━━ Given data ━━

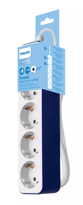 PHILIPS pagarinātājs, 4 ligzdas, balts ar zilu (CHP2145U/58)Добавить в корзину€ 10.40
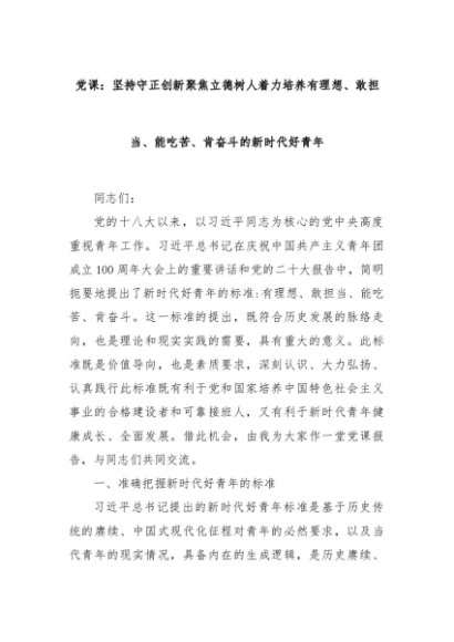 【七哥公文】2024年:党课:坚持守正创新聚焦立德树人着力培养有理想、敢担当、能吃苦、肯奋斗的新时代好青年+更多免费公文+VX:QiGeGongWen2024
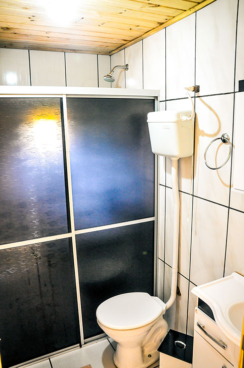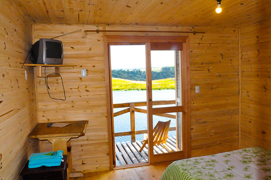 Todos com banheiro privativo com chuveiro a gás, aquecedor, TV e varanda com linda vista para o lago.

━━━

**Assignment:**
When you reproduce the data shown above, keep each line exact and omit every picture.

**Response area:**
 PHILIPS pagarinātājs, 4 ligzdas, balts ar zilu (CHP2145U/58)Добавить в корзину€ 10.40
 【七哥公文】2024年:党课:坚持守正创新聚焦立德树人着力培养有理想、敢担当、能吃苦、肯奋斗的新时代好青年+更多免费公文+VX:QiGeGongWen2024
 Todos com banheiro privativo com chuveiro a gás, aquecedor, TV e varanda com linda vista para o lago.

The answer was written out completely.